The stability is achieved by extensive testing and patching of software,. The long period of testing leads to the software being several versions outdated. I believe this would be the main reason CentOS is not as popular as a desktop distro. As one other point, because Redhat Enterprise Linux, and thus, CentOS too, are primarily built for server/office use, the repo lacks a lot of media software desirable by desktop users. This can deter some people too. There are third party repos for media software, but those packages haven't gone through the extensive testing the software in the main repo has, and sometimes can be incompatible with other third party repos often used.
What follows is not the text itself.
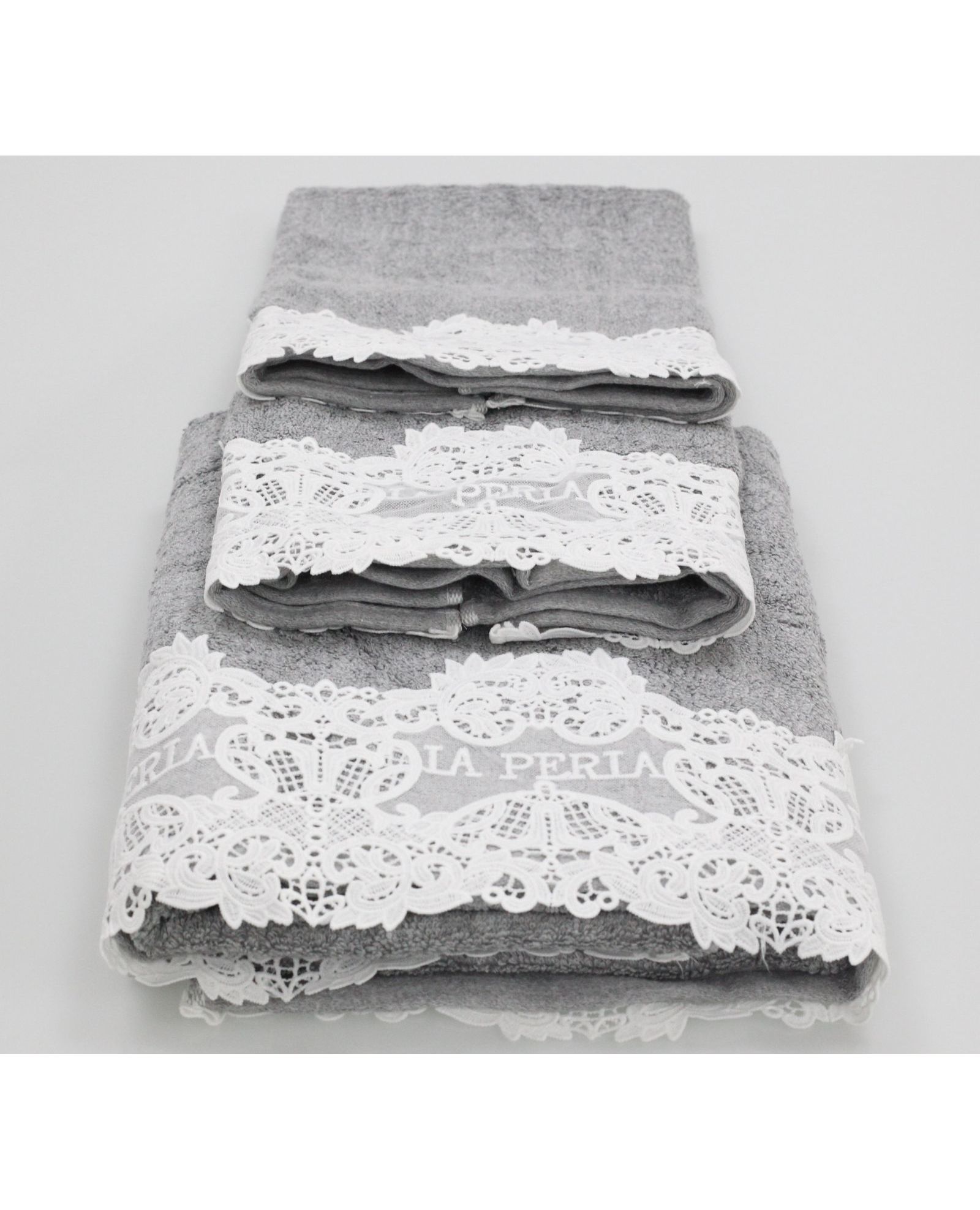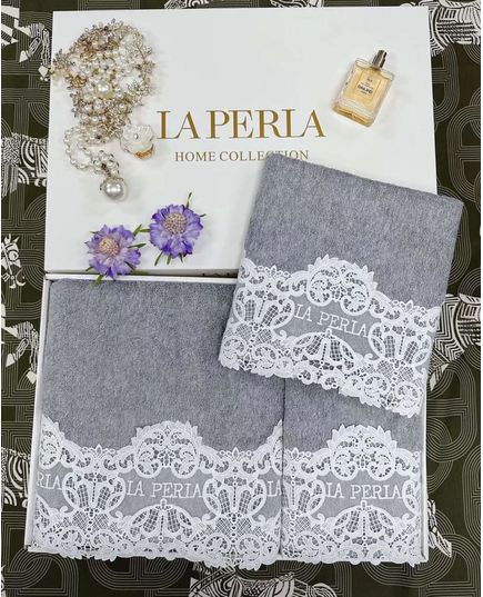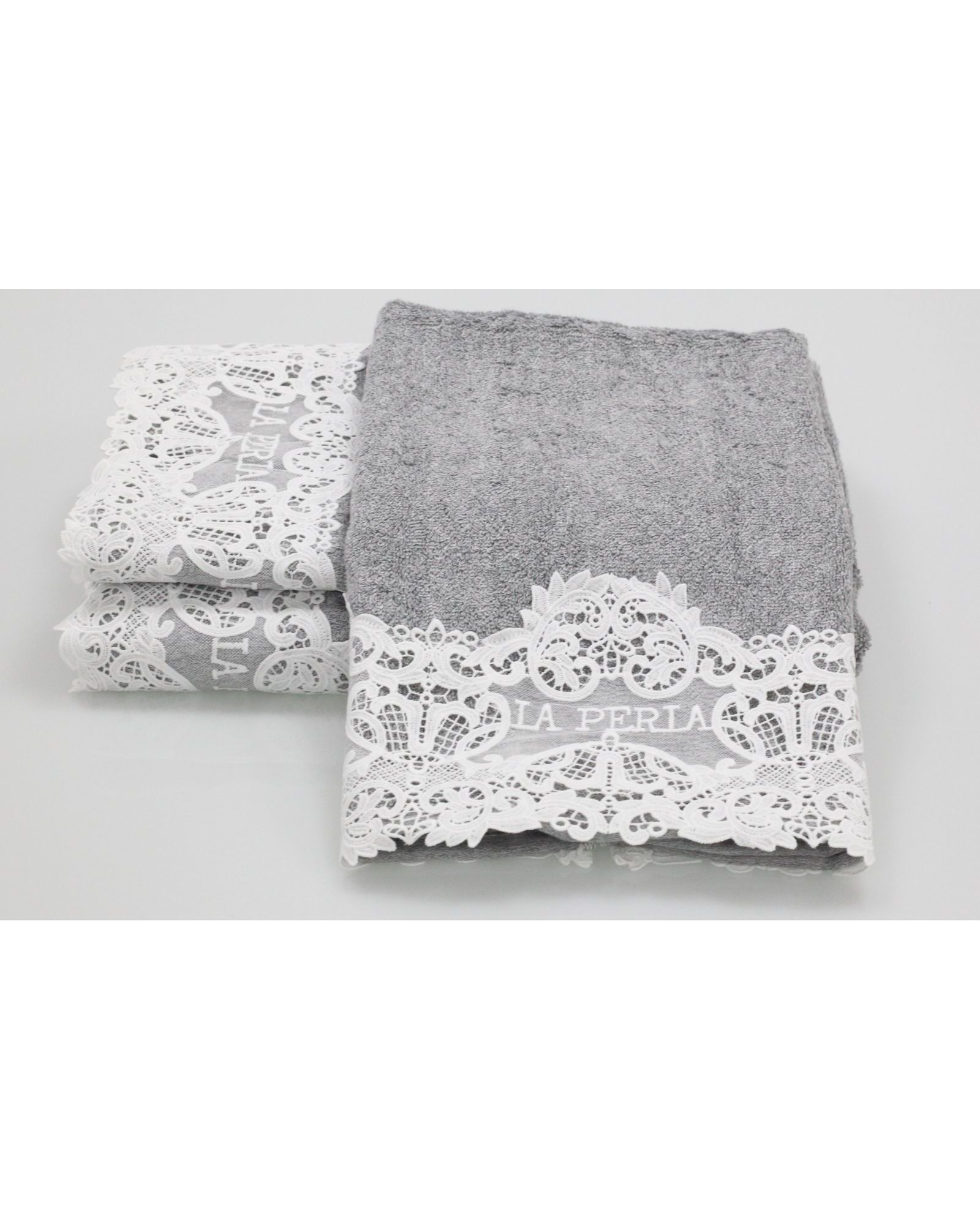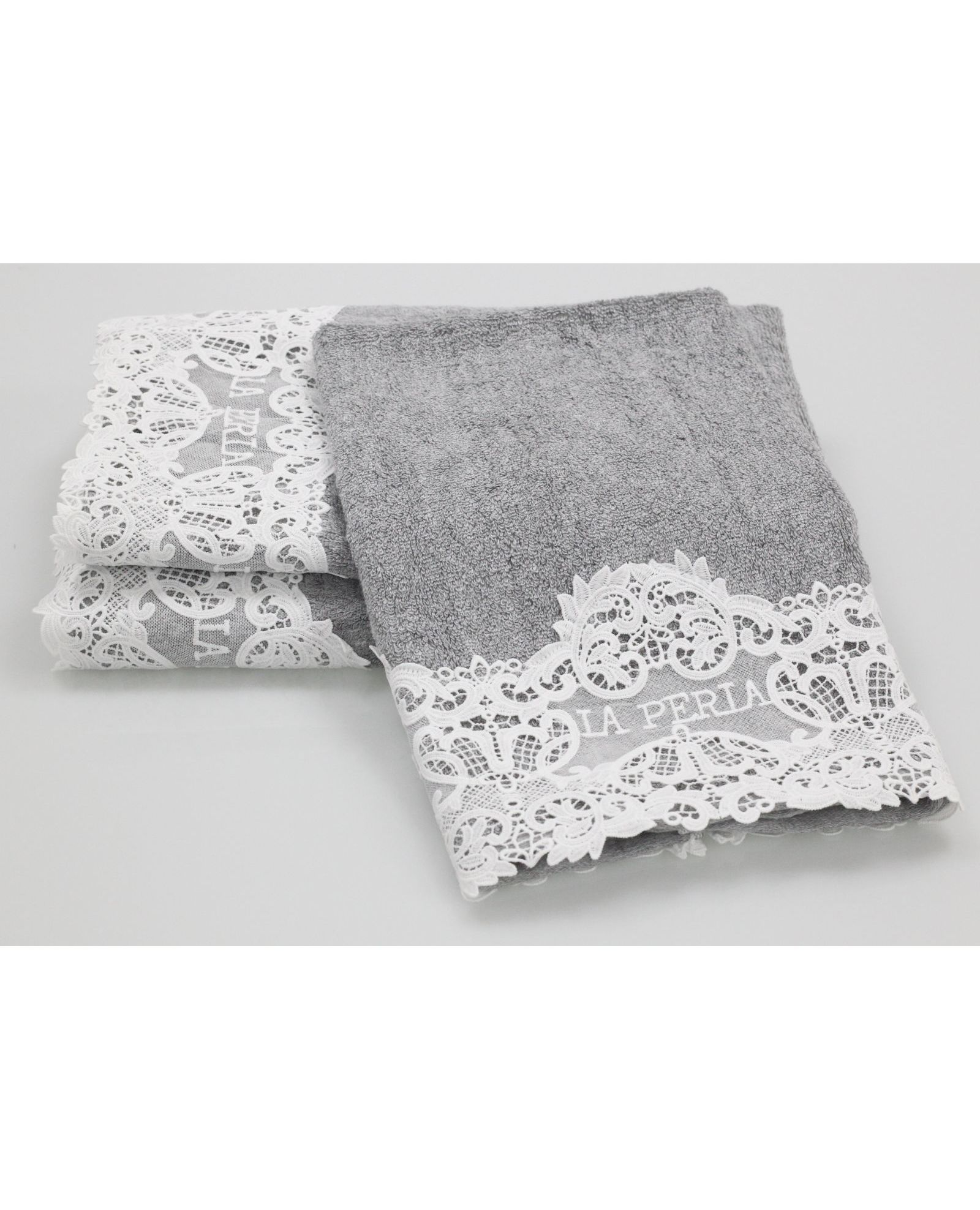 Набор полотенец LAPERLA с вышивкой – серого цвета с кружевом

These obstacles are quite avoidable under most other distros that cater for desktops. Why use CentOS at all then? because as i previously said, the stability makes it an excellent choice for the server if you don't want to pay for a Redhat license and don't need support. Other distros which cater more for the desktop provide more up to date software, providing more features, but usually with a sacrifice to the stability of the overall system. The stability of a distro, seems to vary between distos; usually with the more up to date software provided, the less stable it becomes.
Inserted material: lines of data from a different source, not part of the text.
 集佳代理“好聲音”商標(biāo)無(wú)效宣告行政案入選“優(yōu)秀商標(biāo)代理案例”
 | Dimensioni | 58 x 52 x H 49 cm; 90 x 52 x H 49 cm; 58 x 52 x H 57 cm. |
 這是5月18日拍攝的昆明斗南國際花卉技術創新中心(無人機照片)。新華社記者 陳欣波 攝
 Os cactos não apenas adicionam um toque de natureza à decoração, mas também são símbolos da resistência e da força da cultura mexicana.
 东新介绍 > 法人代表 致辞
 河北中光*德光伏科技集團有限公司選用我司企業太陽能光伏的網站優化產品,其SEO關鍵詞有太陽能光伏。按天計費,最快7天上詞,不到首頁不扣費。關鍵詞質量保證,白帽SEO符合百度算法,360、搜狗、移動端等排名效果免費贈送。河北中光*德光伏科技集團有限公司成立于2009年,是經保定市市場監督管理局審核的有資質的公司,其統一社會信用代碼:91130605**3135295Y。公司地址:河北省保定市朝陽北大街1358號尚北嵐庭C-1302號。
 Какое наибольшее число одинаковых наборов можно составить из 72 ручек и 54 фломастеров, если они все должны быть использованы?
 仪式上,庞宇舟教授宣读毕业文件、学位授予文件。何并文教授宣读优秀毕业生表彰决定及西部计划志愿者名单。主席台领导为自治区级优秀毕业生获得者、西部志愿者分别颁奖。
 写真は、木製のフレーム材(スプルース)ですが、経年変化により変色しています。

Some distros believe in providing vanilla software, which means that the software is provided exactly (or as close as possible to) how the developers intended it to; not patching software at all (except perhaps security patches). Arch Linux and Slackware are two such distros. Most other distros create patches for some bugs before a piece of software is added to the repo. Distros that ship vanilla software provide software 'as is' because they think that additional patches added from distro devs can often lead to bugs in other parts. Because of additional patches added by distro devs, a official bug report can not be sent to the original devs of the software either, but instead needs to be sent to the distro devs. With distros that ship vanilla software, a bug report can be sent directly to the people whom created the software.
I hope that's helped; i've expanded a little on the original question, but i think it's all relevant and covers a few important points that are often over looked by Gnu/Linux users.